Lengthened consonants mark the beginning of words

- EN - DE

A new study shows that word-initial consonants are systematically lengthened across a diverse sample of languages

An example of word-initial lengthening in Mojeño Trinitario, an Arawakan languag
An example of word-initial lengthening in Mojeño Trinitario, an Arawakan language spoken in the Amazon region of Bolivia. The word-initial /n/ (100ms) is significantly longer than the /n/ in the word-medial (50ms) and utterance-initial (50ms) positions. © Frederic Blum et al., Nature Human Behaviour (2024)

Speech consists of a continuous stream of acoustic signals, yet humans can segment words from each other with astonishing precision and speed. To find out how this is possible, a team of linguists has analysed durations of consonants at different positions in words and utterances across a diverse sample of languages. They have found that word-initial consonants are, on average, around 13 milliseconds longer than their non-initial counterparts. The diversity of languages for which this effect was found suggests that this might be a species-wide pattern - and one of several key factors for speech perception to distinguish the beginning of words within the stream of speech.

Distinguishing between words is one of the most difficult tasks in decoding spoken language. Yet humans do it effortlessly - even when languages do not seem to clearly mark where one word ends and the next begins. The acoustic cues that aid this process are poorly understood and understudied for the vast majority of the world's languages. Now, for the first time, comparative linguists have observed a pattern of acoustic effects that may serve as a distinct marker across diverse languages: the systematic lengthening of consonants at the beginning of words.
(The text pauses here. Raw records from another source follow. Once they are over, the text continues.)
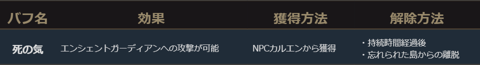 忘れられた島の村にいるNPCカルエン出現時、該当のNPCをクリックすることで攻略に必要な「死の気」のバフ効果を獲得することができます。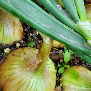 極早生玉ねぎは病気もなく無事に収穫できてます。トップゴールドはかなり扁平な品種というわけでもないようなので、まだ充分に肥大できてないのかな。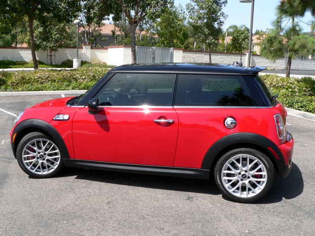 Here some new pictures of my JCW. Now with vinyl in carbon fibre look on hood, a-panels, roof, rear spoiler and rear diffusor. The mirror caps and air intake are chili red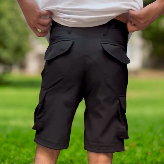 Black lightweight cargo shorts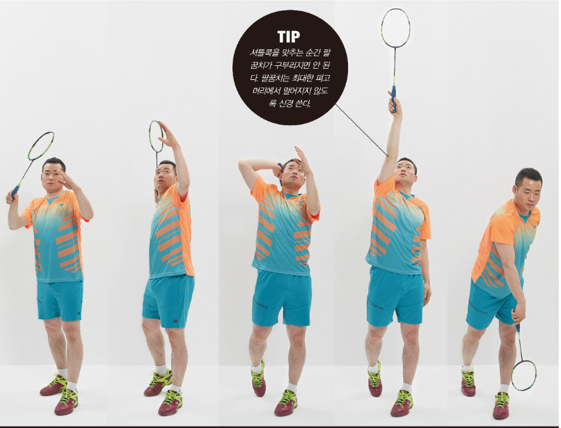 하이클리어를 치기 위해서는 백 스윙이 필요하다. 효과적인 백 스윙을 하기 위한 하이클리어 준비 자세를 만들어 보자. 라켓을 들고 있는 발을 다른 발 뒤로 ㄴ자 가 되게 만들고, 가슴과 어깨를 열어준다. 라켓을 들고 있지 않은 팔을 높은 곳에서 오는 볼을 향하도록 높게 들어주고, 라켓 을 들고 있는 팔은 팔꿈치를 구부려 어깨 선과 일치하게 90도를 만들어 준다.

Researchers from the Max Planck Institute for Evolutionary Anthropology, the CNRS Laboratoire Structure et Dynamique des Langues, the Humboldt Universität zu Berlin and the Leibniz-Centre General Linguistics used data from the novel DoReCo corpus , because it combines two features: Firstly, it covers an unprecedented amount of linguistic and cultural diversity of human speech, containing samples from 51 populations from all’inhabited continents. Secondly, it provides precise timing information for each one of the more than one million speech sounds in the corpus. "The world-wide coverage of DoReCo is crucial for uncovering species-wide patterns in human speech given the immense cross-linguistic diversity of languages," says senior author Frank Seifart, researcher at CNRS in Paris and HU Berlin and co-editor of DoReCo.
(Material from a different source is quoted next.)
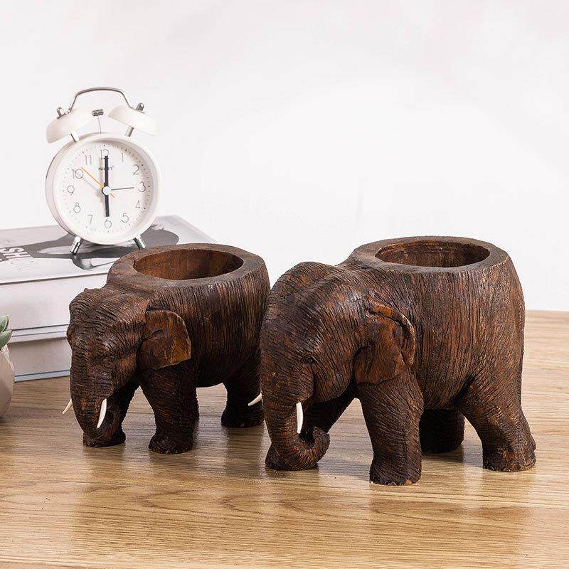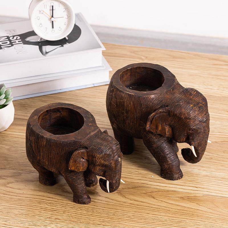 东南亚实木雕刻小大象烟缸家用厅创意灰个性防风动客YJH物公办室

Word-initial consonant lengthening - a potential universal?

"At the outset, we expected to find evidence contradicting the hypothesis that word-initial lengthening is a universal linguistic trait. We were quite surprised when we saw the results of our analysis," says first author Frederic Blum, a doctoral candidate at the Max Planck Institute for Evolutionary Anthropology, who initiated and led the study. "The results suggest that this phenomenon is indeed common to most of the world's languages." Strong evidence of lengthening was found in 43 of the 51 languages in the sample. The results were inconclusive for the remaining eight languages.

The authors conclude that lengthening may be one of several factors that help listeners identify word boundaries and thus segment speech into distinct words - along with other factors, such as articulatory strengthening, which has not been comparatively studied in detail so far. In the current study, some languages additionally showed evidence of a shortening effect following pauses at the beginning utterance. This is consistent with the authors' conclusion as there is no need for additional cues for word boundaries in the presence of pauses.

This study advances our understanding of acoustic processes common to all spoken languages. By focusing on non-WEIRD (Western, European, Industrialized, Rich, and Democratic) languages, the researchers hope to broaden our knowledge of cognitive processes related to speech that transcend individual populations.